HEI For 216/236/261 Yes but , they have to machine the bottom end of it a bit , I see them on Flea-Bay for $150 or so , forget about the B.S. ' lifetime warranty ' as they'll be gone in a year . I see these for sale in most Auto Swap Meets too . Maybe simpler is the excellent Pertronix " Ignitor " that replaces your current dizzy's breaker points and drives the stock system to it's full output . You MUST follow the instructions including testing the coil's impedance exactly or it'll burn out , that's why you hear a fair amount of critical comments against Pertronix , lazy bubbas don't read nor follow instructions then complain when it of course fails..... I've been running one for many years & miles in an oldie , never any troubles atall . Looks better under the hood too as Pertronix retains the original dizzy . This old C/10 needed serious help due to massive oil fouling so I went directly to my favorite parts place : Pick-A-Part & chose the " Just So " unit I wanted then I had to spend hours cleaning off the black taffy like gooey crud before I could install it.... So far it's terrific . Your pays your monies and makes your choice . BTW : yes , I'm a lazy , uneducated Bubba Farm Boy too , that's why I follow directions ~ I'm FAR too lazy to do things twice .

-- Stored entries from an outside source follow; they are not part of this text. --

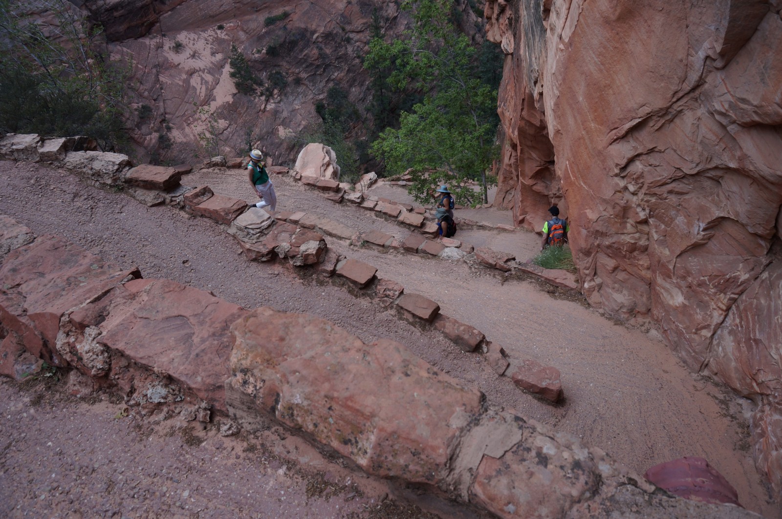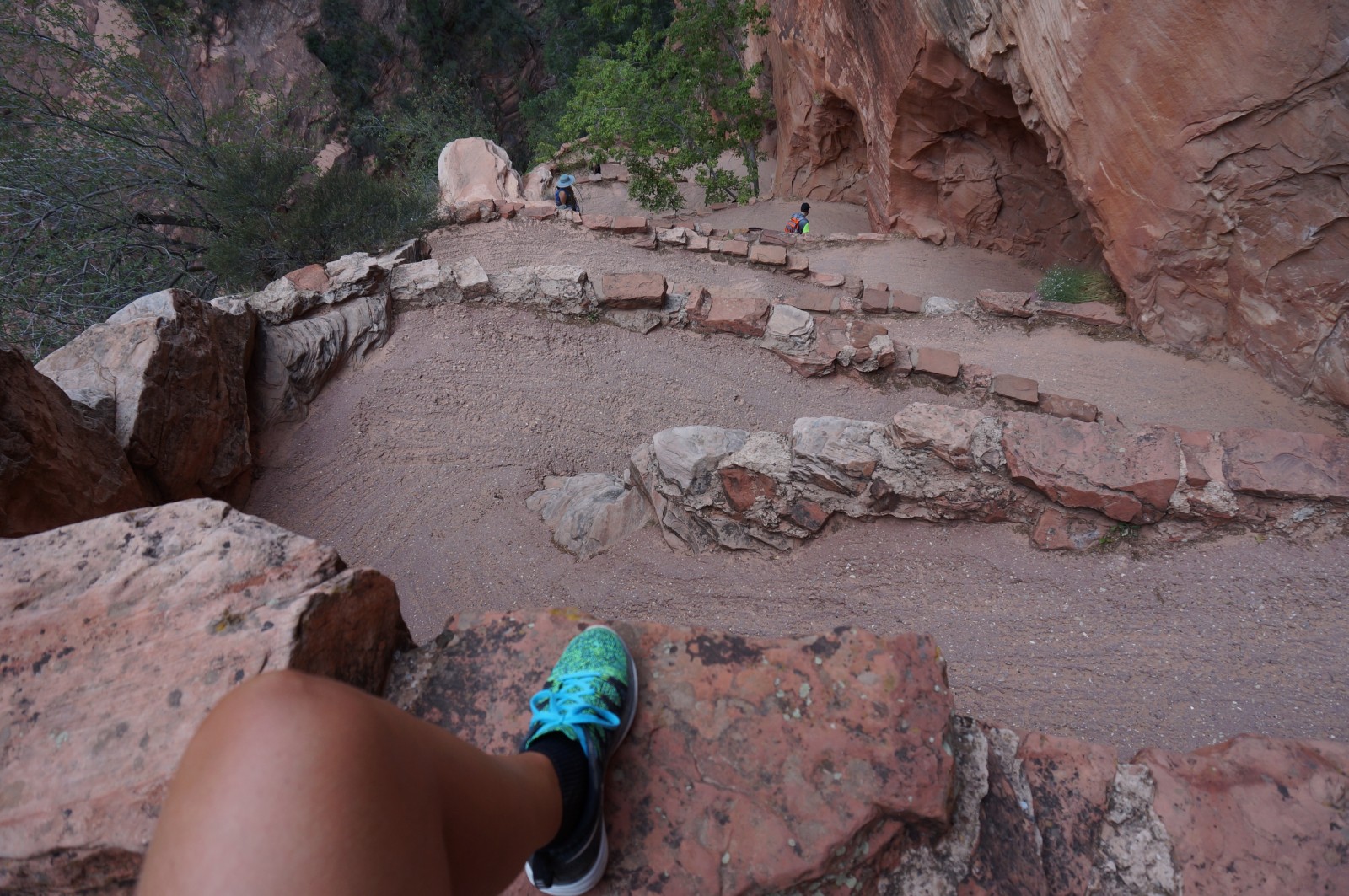 Le départ est plutôt calme, la montée se fait tranquillement et les paysages sont tellement beaux qu’on fait pas mal d’arrêts photos. Puis, quand on voit où on doit aller, on comprend mieux pourquoi elle est décrite comme vertigineuse ! Il y a quand même une belle montée à flanc de falaise avant de passer une zone de faux-plat au milieu du canyon.
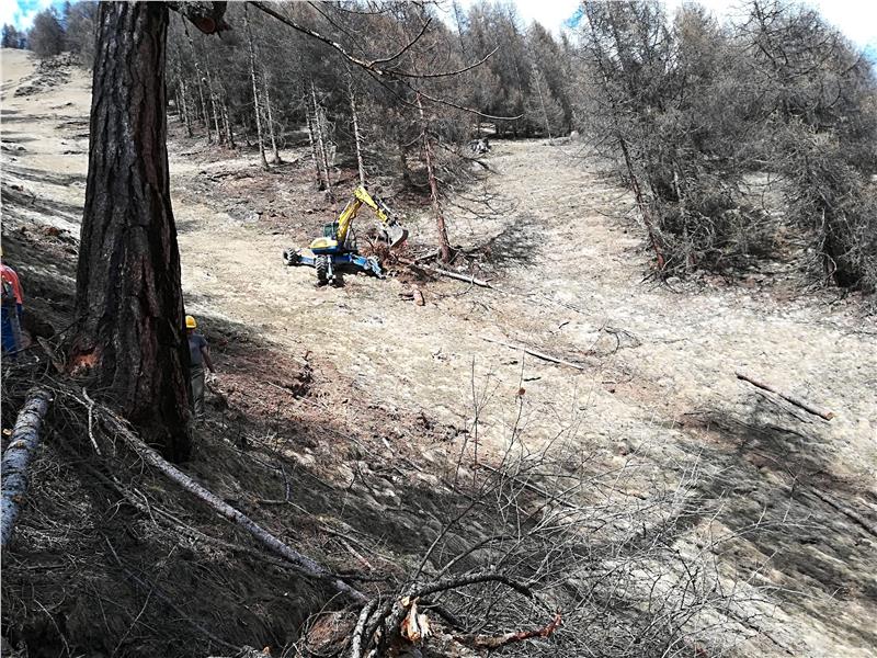 Mit dem Projekt zur Behebung der Unwetterschäden am Gehöft Pleif in Regie um 15.000 Euro wurde bereits begonnen, berichtet Amtsdirektor Georg Pircher vom Forstinspektorat Schlanders: Oberhalb der Wiesen werden mit einem Schreitbagger Geröll, Steine, Astmaterial, Wurzeln, Bäume entfernt und mit einem Transporter verladen. Die Arbeiten haben am Mittwoch vergangener Woche (18. April begonnen), da vorher noch zu viel Schnee im Hang lag. Derzeit wird ein zweites Projekt ausgearbeitet, in das ebenfalls 15.000 Euro investiert werden, mit dem die nächsten Lawinenstriche talauswärts gesäubert und gesichert werden.
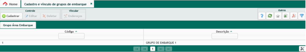 - Código e descrição do Grupo de Embarque: definir um código que não poderá ser repetido, e a descrição para o grupo de embarque;
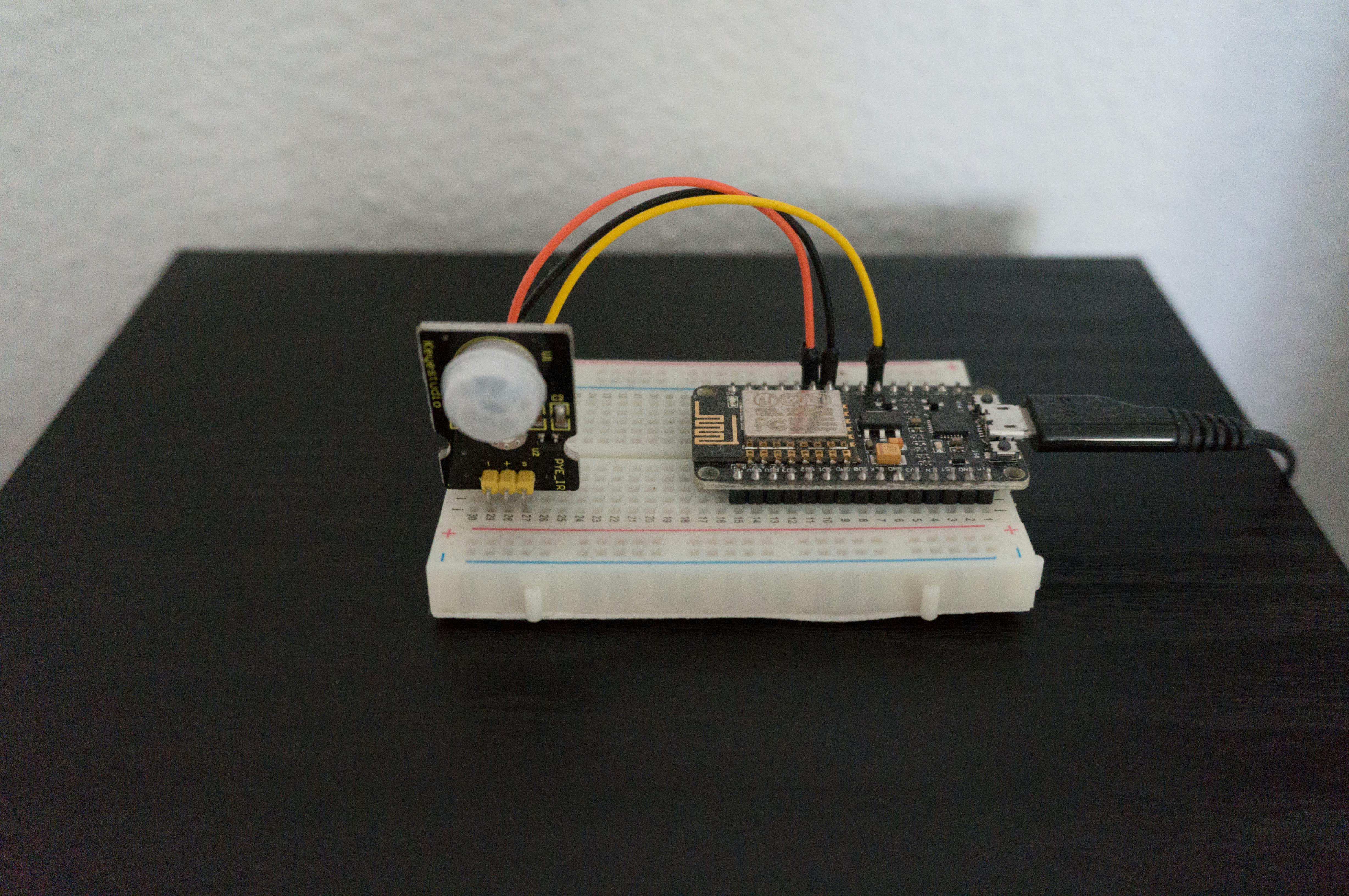 De automatische televisieverlichting smaakte naar meer en het leek me leuk om nooit meer een afstandsbediening, wandschakelaar of app nodig te hebben om de verlichting in te schakelen. De verlichting moet vanzelf inschakelen op het moment dat ik aanwezig ben en weer uitgaan als ik er niet ben. Een bewegingssensor in de betreffende ruimte leek me de beste oplossing. Philips verkoopt zelf bewegingssensoren voor het Hue-systeem, maar het leek me handiger om een bewegingssensor te hebben die direct met Domoticz communiceert. Zo kan de aanwezigheidsdetectie eventueel ook voor andere dingen gebruikt worden. Er zijn diverse manieren om een bewegingssensor te koppelen. Zo kun je KlikAanKlikUit- of ZWave-sensoren koppelen, mits je de Raspberry Pi van de juiste radio’s voorziet. Omdat ik niet wist of een bewegingssensor écht handig is, heb ik vooralsnog gekozen voor een veel goedkopere oplossing. Ik heb een voor Arduino bedoelde bewegingssensor van zo’n twee euro gekoppeld aan een NodeMCU: een op Arduino lijkende microcontroller van zo’n vier euro met wifi. Door op de NodeMCU de gratis firmware ESP Easy te zetten, koppel je sensoren eenvoudig met Domoticz.
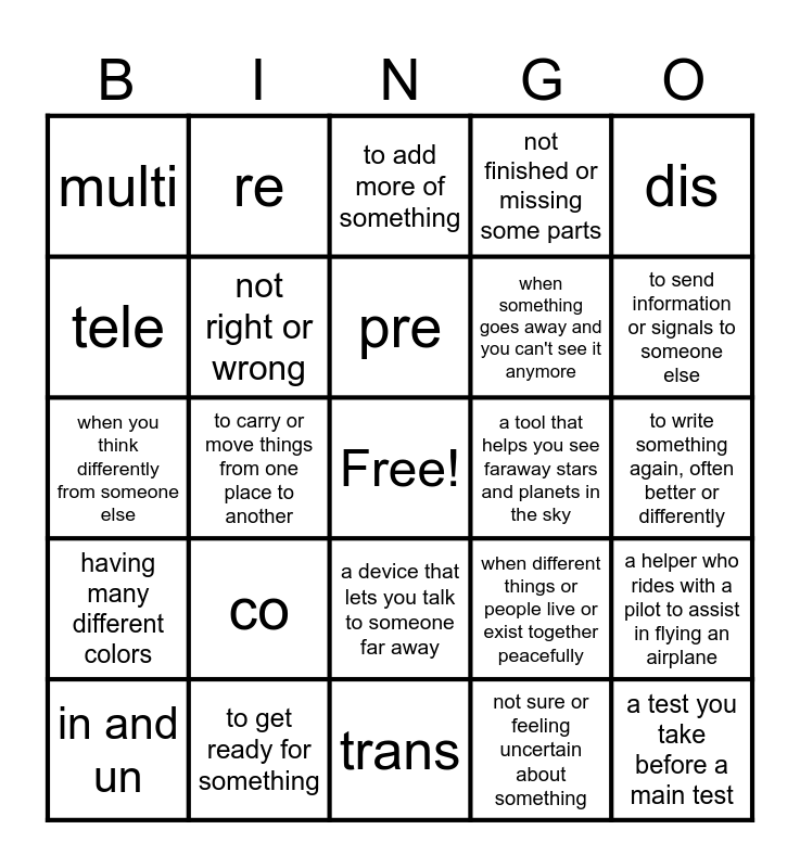 This bingo card has a free space and 25 words: co, trans, pre, in and un, dis, multi, tele, re, a tool that helps you see faraway stars and planets in the sky, a device that lets you talk to someone far away, when something goes away and you can't see it anymore, when you think differently from someone else, when different things or people live or exist together peacefully, a helper who rides with a pilot to assist in flying an airplane, not right or wrong, to do many things at the same time, to write something again, often better or differently, to add more of something, to send information or signals to someone else, to carry or move things from one place to another, a test you take before a main test, to get ready for something, having many different colors, not finished or missing some parts and not sure or feeling uncertain about something.

Hey, thanks again Nate. You always give a good answer. I'd been looking at the Pertronics, and then saw the HEI comments and wanted to explore both. I was pretty sure I'm gonna' go with the Pertronics, as I've read a lot of good stuff about them, including your info about matching the coil, and polarity. I'm a retired electrician, so that stuff makes sense to me as well. I've got a ways to go before I'm close to runnin' the engine again, so I'll wait to order the ignition upgrade so as not to waste any warranty time, if I can. Haven't worked on the truck but once since I got her here in mid January, as I've promised my Wife I'd build a fence first... musn't renig on a promise.
Go pertronix and use their coil. It is black and if you face the label toward the engine, no one knows it isn't stock. This is what I used on the 53.
Confession I bought the Pertronix coil and electronic ignition, but fried it out of the box. Not because I didn't read the instructions, but if'n I remember correctly, the wiring to my starter and coil was not the way it was pictured and described. I thought I installed it per the Pertronix instructions and got no spark/start. Then tried it the way I was previously wired and up in smoke went the ignitor. It wasn't very pretty watching that $100 dollar bill go up in smoke. IIRC there was a little confusion between what the coil wiring instructions said and the ignitor wiring said as well. I'm still using the coil, but the ignitor is toast. Russ - Did you happen to take any photos of the way you had the '53 wired up?
Bummer , That @ lunchtime I went out to my '69 C/10 , pressed the gas once and turned the key in the cold damp air (it's raining in L.A. again) and it cranked , belched a large cloud of blue & black smoke & fired right up , didn't miss a beat .
I'm extremely happy with my HEI also. I started the '51 to warm up before I left for work this morning. When it was time to leave, I noticed that there was not even one little dribble of black in the snow under the tail pipes. Perfectly clean. That made me quite happy.
If I remember correctly... The HEI from the old Iron Duke 153 may also be an option for the newer inlines - at least on the 250. just user a 6 cyl cap. I put one on My 71way back when it was alive... It was the best mod I did to that truck. Of course, since most of the vehicles with an Iron Duke were pretty much disposable, they are prolly harder to find than an inline 6 Bob
Don't think that would do the job, at least not without changing out the four pointed "star wheel" (my words, I don't know the real name) for a six point star wheel.